» **Supplied records**:
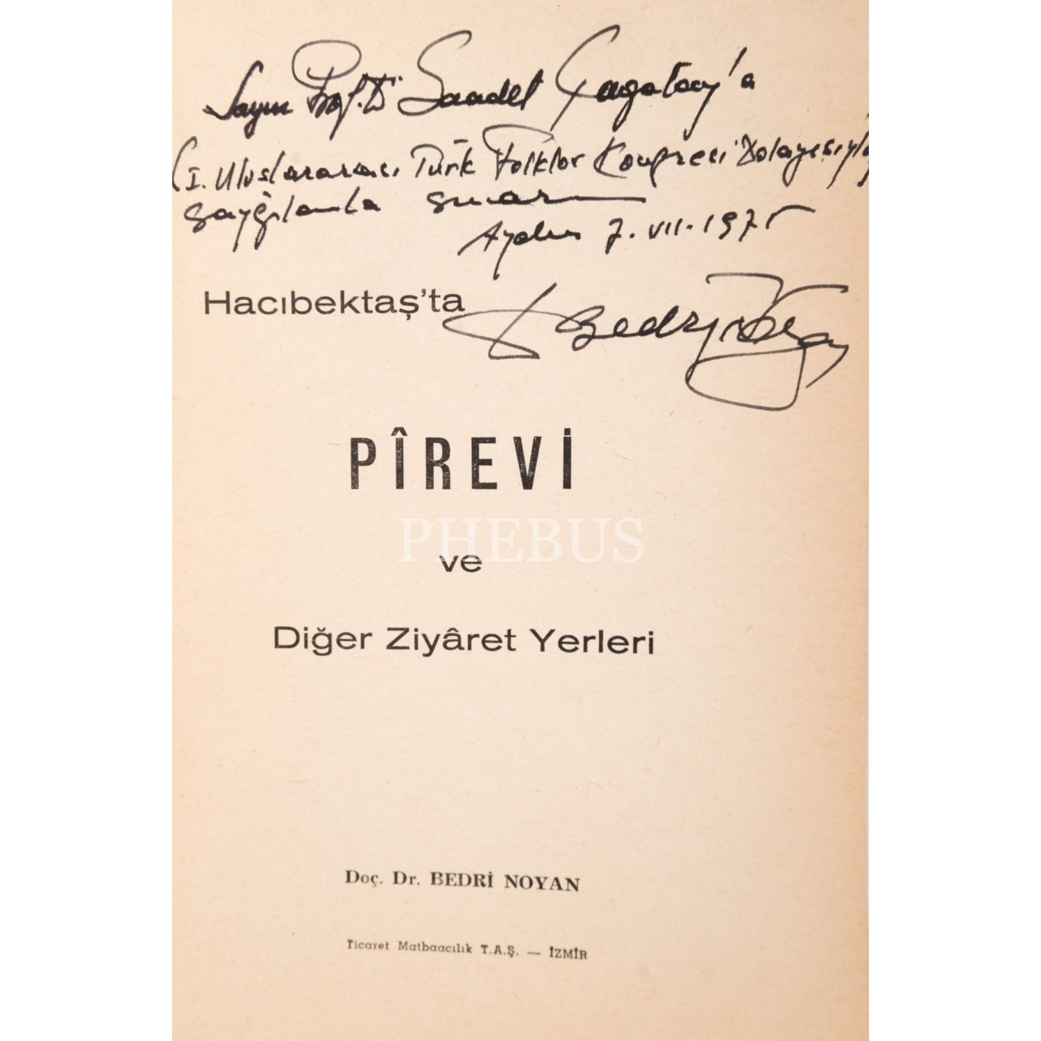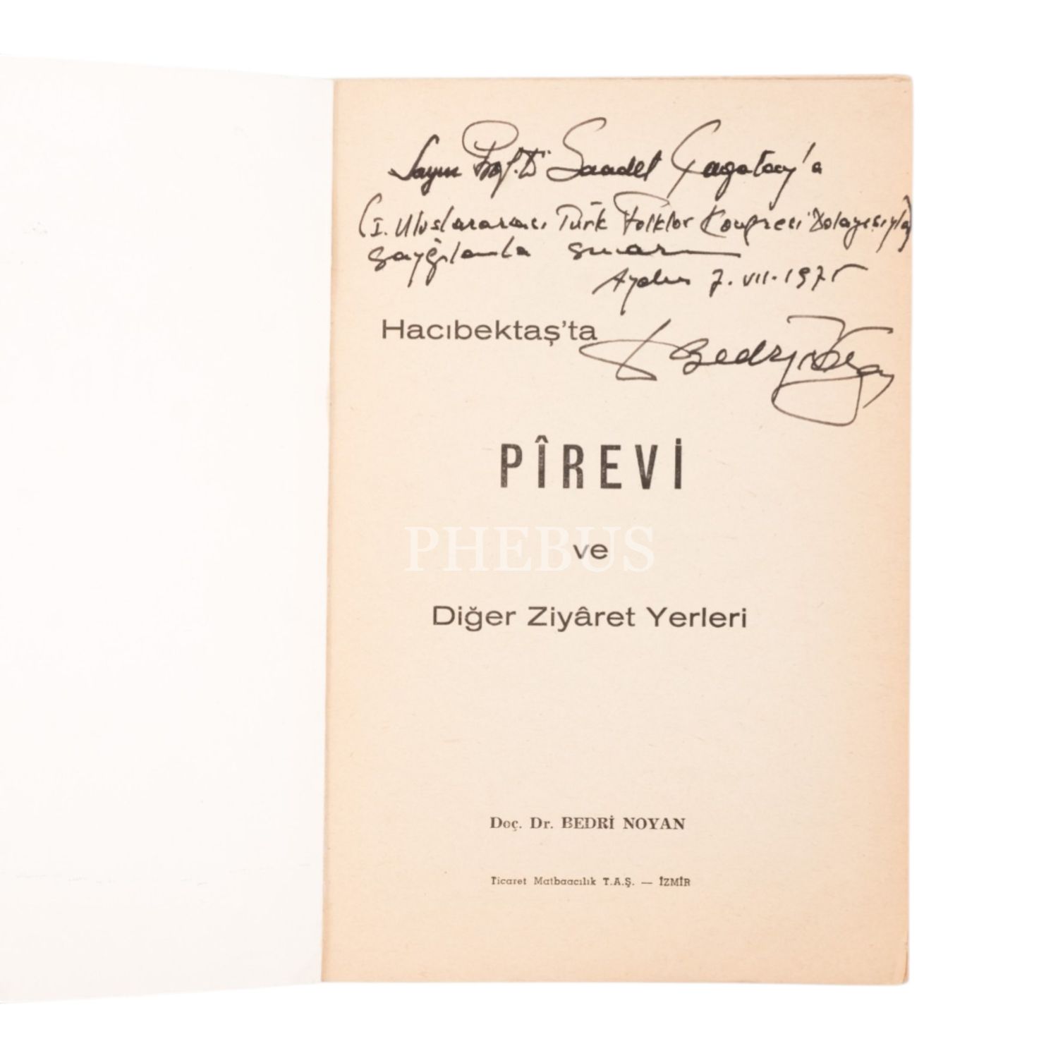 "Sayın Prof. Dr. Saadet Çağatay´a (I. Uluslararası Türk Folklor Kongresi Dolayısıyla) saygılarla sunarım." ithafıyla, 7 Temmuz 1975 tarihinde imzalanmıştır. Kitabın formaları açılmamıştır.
==
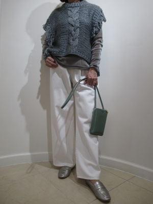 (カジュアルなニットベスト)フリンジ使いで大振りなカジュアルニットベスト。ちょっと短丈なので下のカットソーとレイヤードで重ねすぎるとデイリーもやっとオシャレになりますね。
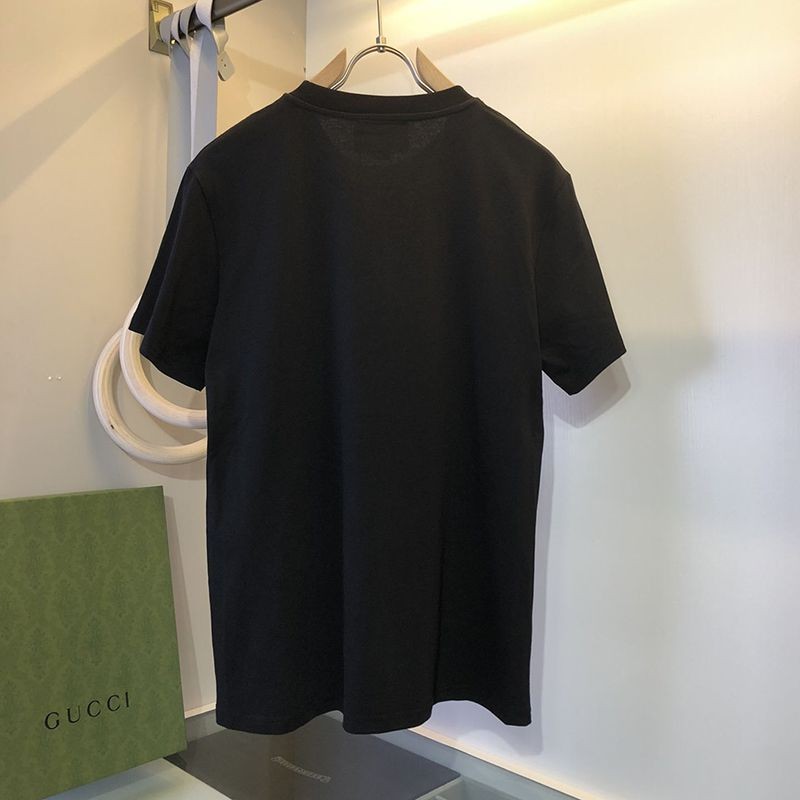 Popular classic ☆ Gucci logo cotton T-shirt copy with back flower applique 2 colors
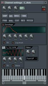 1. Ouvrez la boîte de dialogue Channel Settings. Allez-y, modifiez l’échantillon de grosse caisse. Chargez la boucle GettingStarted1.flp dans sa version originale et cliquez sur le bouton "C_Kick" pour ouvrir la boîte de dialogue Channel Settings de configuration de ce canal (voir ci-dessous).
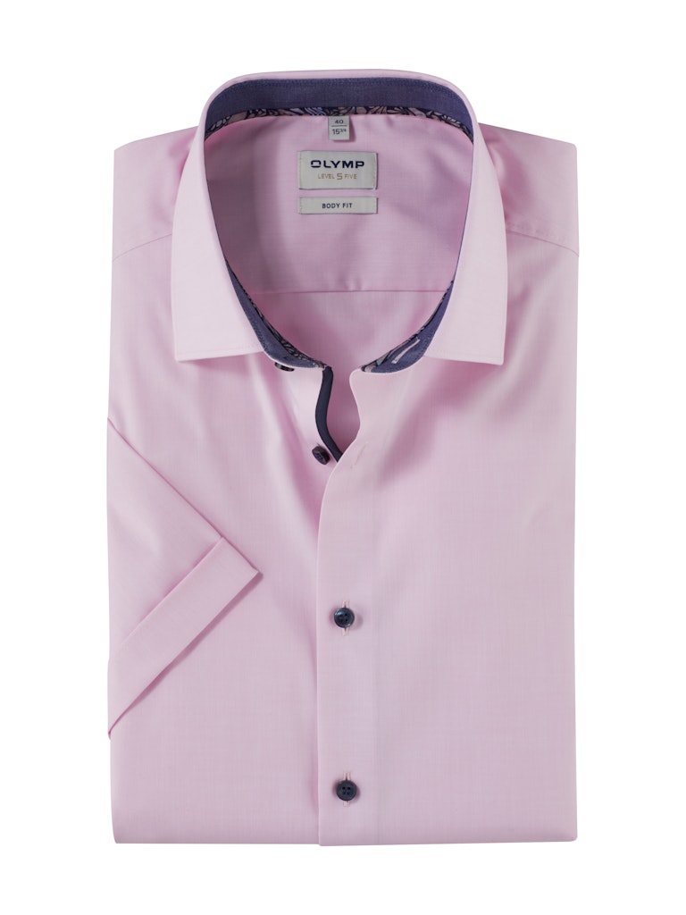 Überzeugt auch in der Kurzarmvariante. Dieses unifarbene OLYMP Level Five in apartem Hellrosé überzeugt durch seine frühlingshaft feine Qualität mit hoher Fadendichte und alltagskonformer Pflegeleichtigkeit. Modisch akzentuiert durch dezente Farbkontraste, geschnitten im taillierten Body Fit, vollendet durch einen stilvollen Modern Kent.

» **Exercise goal**:
Although the records hold pictures, the copy must not; give again exactly the lines from the one with "1. Ouvrez la" through the one with "Überzeugt auch in".

» **Solution**:
 1. Ouvrez la boîte de dialogue Channel Settings. Allez-y, modifiez l’échantillon de grosse caisse. Chargez la boucle GettingStarted1.flp dans sa version originale et cliquez sur le bouton "C_Kick" pour ouvrir la boîte de dialogue Channel Settings de configuration de ce canal (voir ci-dessous).
 Überzeugt auch in der Kurzarmvariante. Dieses unifarbene OLYMP Level Five in apartem Hellrosé überzeugt durch seine frühlingshaft feine Qualität mit hoher Fadendichte und alltagskonformer Pflegeleichtigkeit. Modisch akzentuiert durch dezente Farbkontraste, geschnitten im taillierten Body Fit, vollendet durch einen stilvollen Modern Kent.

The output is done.